For the above code, I identified (what I think are accurate) xpaths for the nodes of patent number (//us-bibliographic-data-grant/publication-reference/document-id/doc-number), kind (//us-bibliographic-data-grant/publication-reference/document-id/kind), and grant date (//us-bibliographic-data-grant/publication-reference/document-id/date). I am adding the xpaths for these nodes, as well as the others mentioned above, for the 4 types of patents, for each version, for both granted and applications. Still have to do xpaths for granted version 2.5 for all types, and all applications. Waiting on Oliver about whether we need xpaths for more nodes other than the 6 example nodes.

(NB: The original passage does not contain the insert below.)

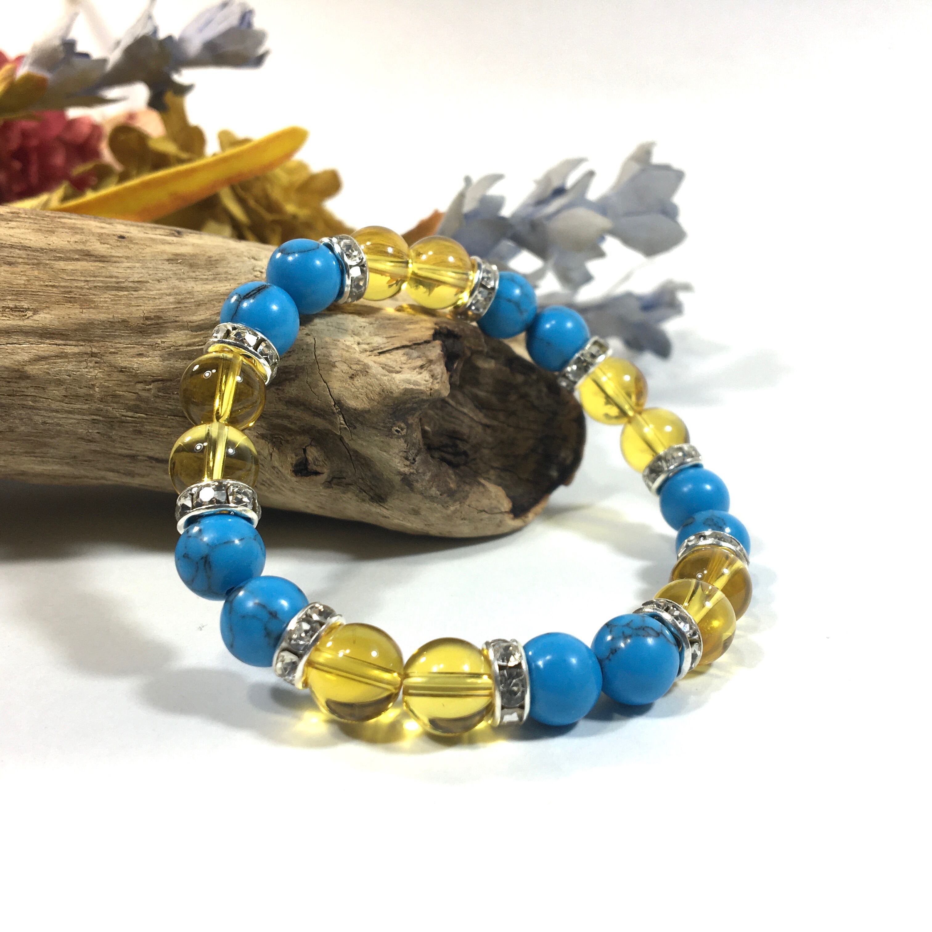 こちらは、8mm玉のターコイズとシトリンを使ったパワーストーンブレスレットです。シンプルなデザインでどんなコーディネートにも合わせやすいデザインに仕上げています。サイズは内周約15cmです。気になる方は是非この機会にどうぞ。
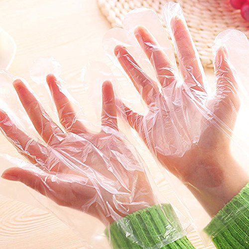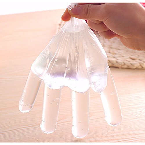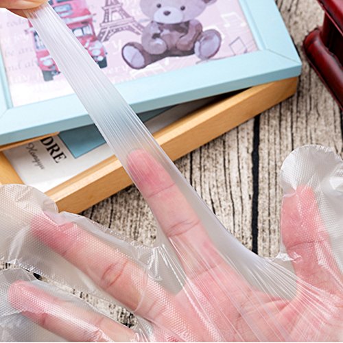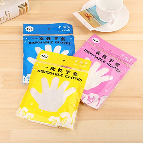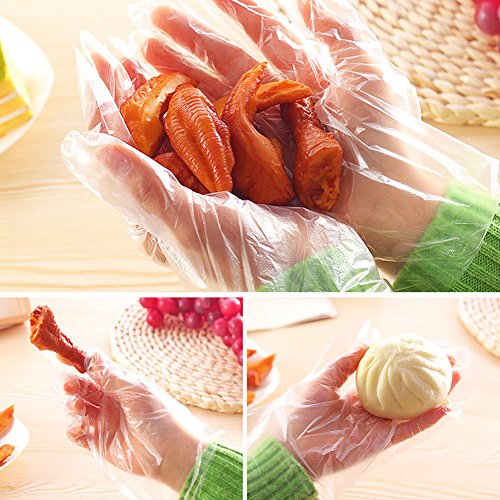 Disposable Gloves (Pack of 3/Total 300 PCS) Disposable Gloves Food , Disposable Thin Poly PE Gloves Food Service Safety Glove 1.25 Mil Thickness Powder & Sulfur Free

2017-07-27: Doubled checked that the xpaths in http://mcnair.bakerinstitute.org/wiki/Equivalent_XPath_and_APS_Queries#Query_Equivalences were accurate for v4.0,v4.1, v4.2, and added to the page xpaths for the nodes listed on that wiki page for v<4.3. Began adding xpaths for other nodes Oliver noted would be helpful, like Invention Title. Went over new hubs definition with Hira; ensured no hubs on "Joe hub list 2017"(see above) were actually just incubators, and that they all had coding/tech events/programs with substance. Took 17 hubs off total. Saved new list in Z:\Hubs\2017\hubs_data, called Joe hub list 2017 w comments.

2017-07-28: Continued working on xpaths. For Top50_Table in E:\McNair\Projects\Ecosystem\Ranking, found and entered necessary data. Source for city population and area is in the same folder, titled "City area chart".

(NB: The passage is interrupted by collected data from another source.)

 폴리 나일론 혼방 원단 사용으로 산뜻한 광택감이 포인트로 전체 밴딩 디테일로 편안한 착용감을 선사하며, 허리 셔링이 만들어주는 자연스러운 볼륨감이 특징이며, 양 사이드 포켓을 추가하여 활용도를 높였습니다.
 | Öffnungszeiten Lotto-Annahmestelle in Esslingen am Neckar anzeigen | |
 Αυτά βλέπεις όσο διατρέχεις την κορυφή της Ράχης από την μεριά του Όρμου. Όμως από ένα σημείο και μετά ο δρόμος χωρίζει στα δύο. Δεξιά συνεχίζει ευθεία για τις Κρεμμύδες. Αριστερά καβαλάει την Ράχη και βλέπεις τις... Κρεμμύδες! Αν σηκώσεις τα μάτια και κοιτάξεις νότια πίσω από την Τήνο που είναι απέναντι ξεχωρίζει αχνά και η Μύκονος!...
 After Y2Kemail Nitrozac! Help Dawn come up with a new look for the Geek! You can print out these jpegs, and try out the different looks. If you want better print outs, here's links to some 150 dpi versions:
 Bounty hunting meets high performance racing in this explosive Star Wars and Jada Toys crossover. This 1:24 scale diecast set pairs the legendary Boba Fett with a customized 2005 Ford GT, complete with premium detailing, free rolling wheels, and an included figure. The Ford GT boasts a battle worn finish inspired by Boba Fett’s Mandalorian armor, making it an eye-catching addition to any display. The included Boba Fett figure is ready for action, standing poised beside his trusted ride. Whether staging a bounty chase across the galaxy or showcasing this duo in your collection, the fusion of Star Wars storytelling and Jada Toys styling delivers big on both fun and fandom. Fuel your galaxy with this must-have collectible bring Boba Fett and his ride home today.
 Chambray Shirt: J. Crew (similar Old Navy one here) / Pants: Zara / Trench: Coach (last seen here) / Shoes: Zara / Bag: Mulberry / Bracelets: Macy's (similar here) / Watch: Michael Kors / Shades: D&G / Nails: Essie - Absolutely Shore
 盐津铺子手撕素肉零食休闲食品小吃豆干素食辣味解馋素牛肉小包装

2017-08-01: For the xpath project: Found which patent versions for text files in E:\McNair\Projects\SimplerPatentData\data\examples\granted had PRIORITY_CLAIMS_DATE, PRIORITY_CLAIMS_COUNTRY, and PRIORITY_CLAIMS_PATENT_NUMBER; noted which ones did, and added their xpaths to the file of xpaths, Patent Schema Reconciliation.txt in E:\McNair\Projects\SimplerPatentData\data\examples\Patent Schema Reconciliation. Checked which types and versions had pct document numbers, updated xpaths in http://mcnair.bakerinstitute.org/wiki/Equivalent_XPath_and_APS_Queries#Query_Equivalences and Patent Schema Reconciliation.txt. Began the same process with IPCR_Subclass and the following xpaths on http://mcnair.bakerinstitute.org/wiki/Equivalent_XPath_and_APS_Queries#Query_Equivalences. Began listing examples for each xpath. Used data from roundplus.txt in Z:\VentureCapitalData\SDCVCData\vcdb to create charts, saved as New2017Report(Aug) in E:\McNair\Projects\Houston\2017Report.

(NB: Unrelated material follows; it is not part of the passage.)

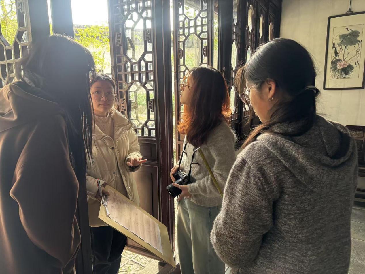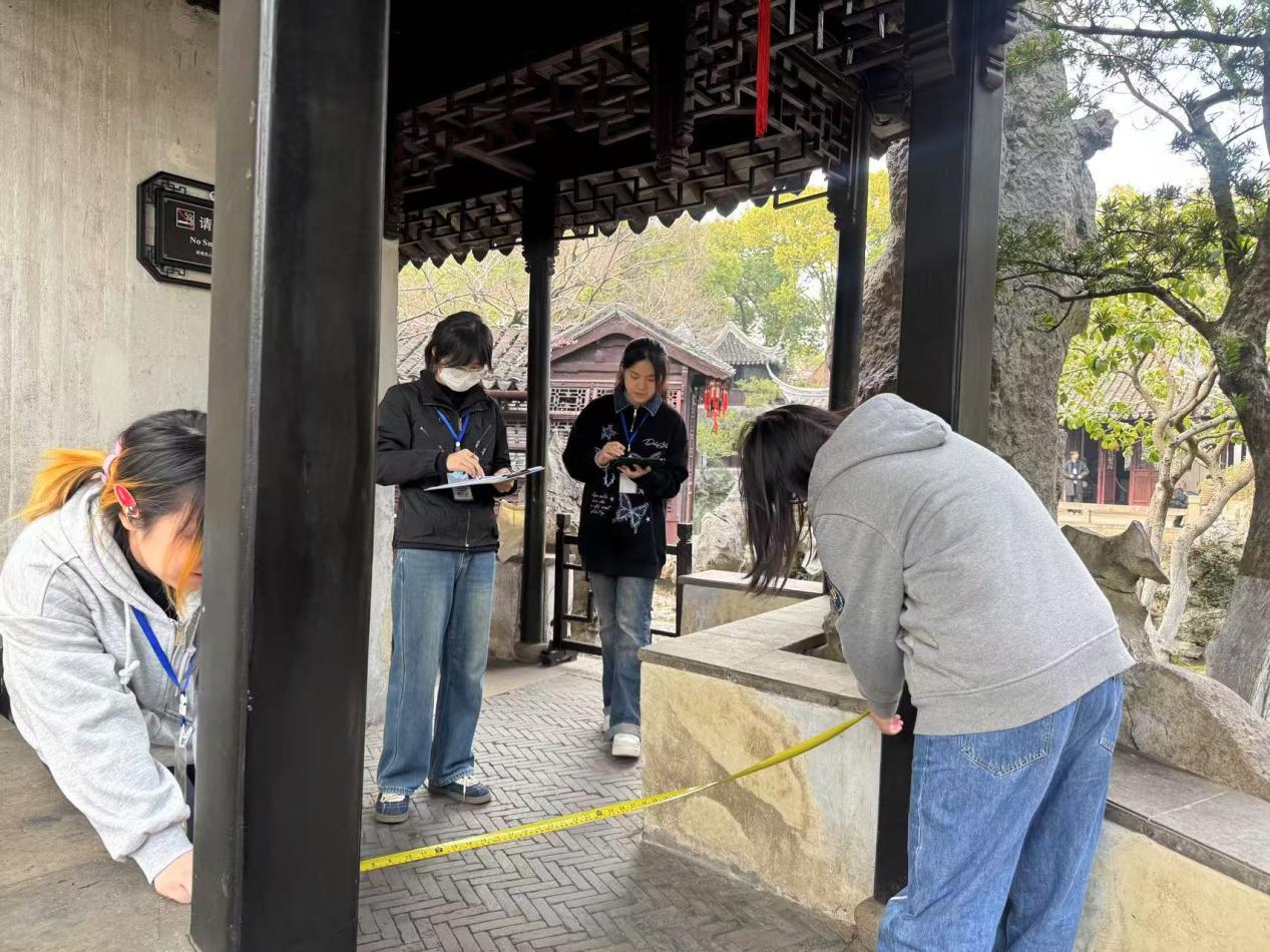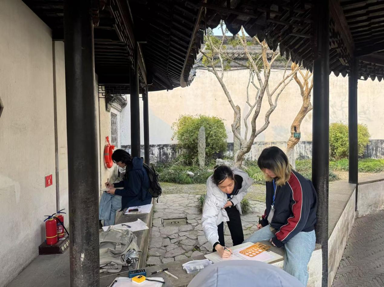 在为期5天的课程中,学生们聚焦“闹红一舸”的船厅悬挑、“水香榭”的借景玄机、”退思草堂“的轴线韵律,从整体格局到0.5厘米精度的雕花,用传统皮尺与激光测距仪双重校验,还原了古人"咫尺之内再造乾坤"的空间哲学。
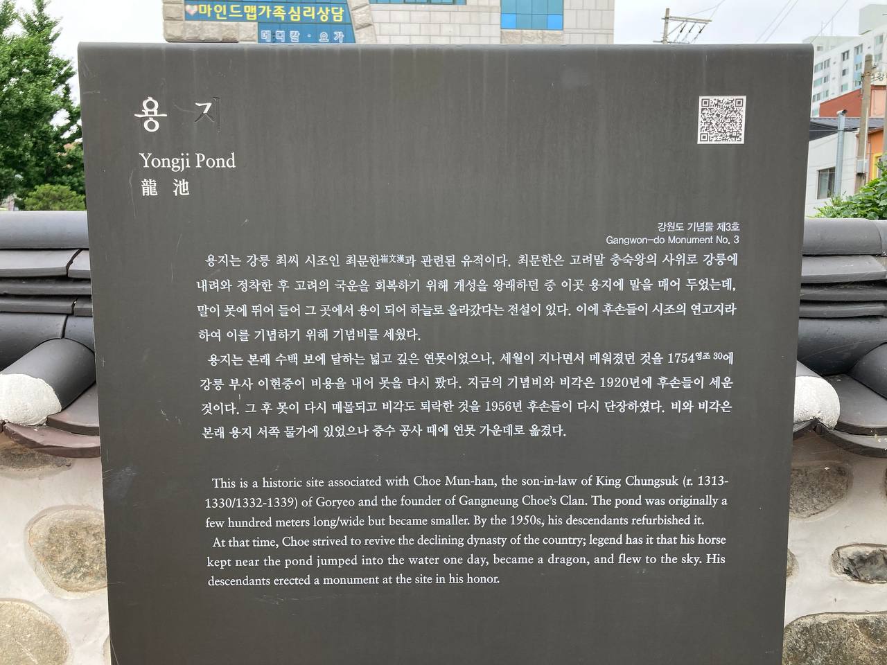 This is a historic site associated with Choe Mun-han, the son-in-law of King Chungsuk (r. 1313-1330/1332-1339) of Goryeo and the founder of Gangneung Choe's Clan. The pond was originally a few hundred meters long/wide but became smaller. By the 1950s, his descendants refurbished it.

2017-08-02: Edited excel charts from 08-01. Continued on xpath project, completed IPCR sections. For Copy of Rankingv3_Diana's_workingfile in E:\McNair\Projects\Ecosystem\Ranking, added data on population, political activity in the 2016 presidential election, whether it had a university (using a filter of organizations that gave out doctorate degrees in Carnegie Classifications 2015_cleaned in E:\McNair\Projects\University Patents).